# What is expected:
A picture should never appear in your copy. Transcribe the listing exactly from its first line through the line with "很有趣的是,在某個企業的面單", both ends included.

# Input data:
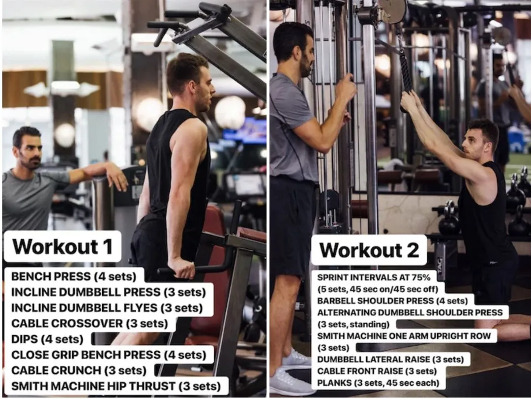 Spencer联系了Nlye,拿到了他的日常运动和饮食方案,Nyle每周有四天的时间健身,每次都会针对一个不同部位的肌群进行训练。
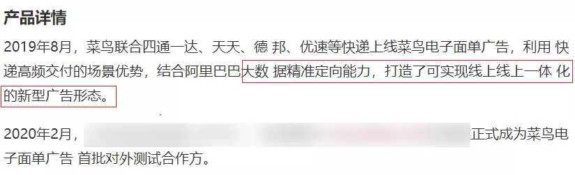 很有趣的是,在某個企業的面單廣告宣傳頁裏,他們還提到電子面單廣告會結合大數據精準定向能力,是一種新型廣告形態。
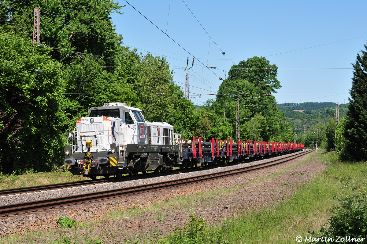 Mit dem "Grüner Stahl"-Stabstahlzug ist die geleaste DE 18 der VLO am Mittag des 19. Mai 2025 im Iserlohner Ortsteil Lasbeck in den Resten des ehemaligen Bahnhofs Nachrodt unterwegs Richtung Zielbahnhof Plettenberg. Auch die Oberleitung soll noch von Turmmasten auf normale Streckenmaste zurückgebaut werden, sodass hier nur noch "Freie Strecke" übrig ist.

# Answer to this exercise:
 Spencer联系了Nlye,拿到了他的日常运动和饮食方案,Nyle每周有四天的时间健身,每次都会针对一个不同部位的肌群进行训练。
 很有趣的是,在某個企業的面單廣告宣傳頁裏,他們還提到電子面單廣告會結合大數據精準定向能力,是一種新型廣告形態。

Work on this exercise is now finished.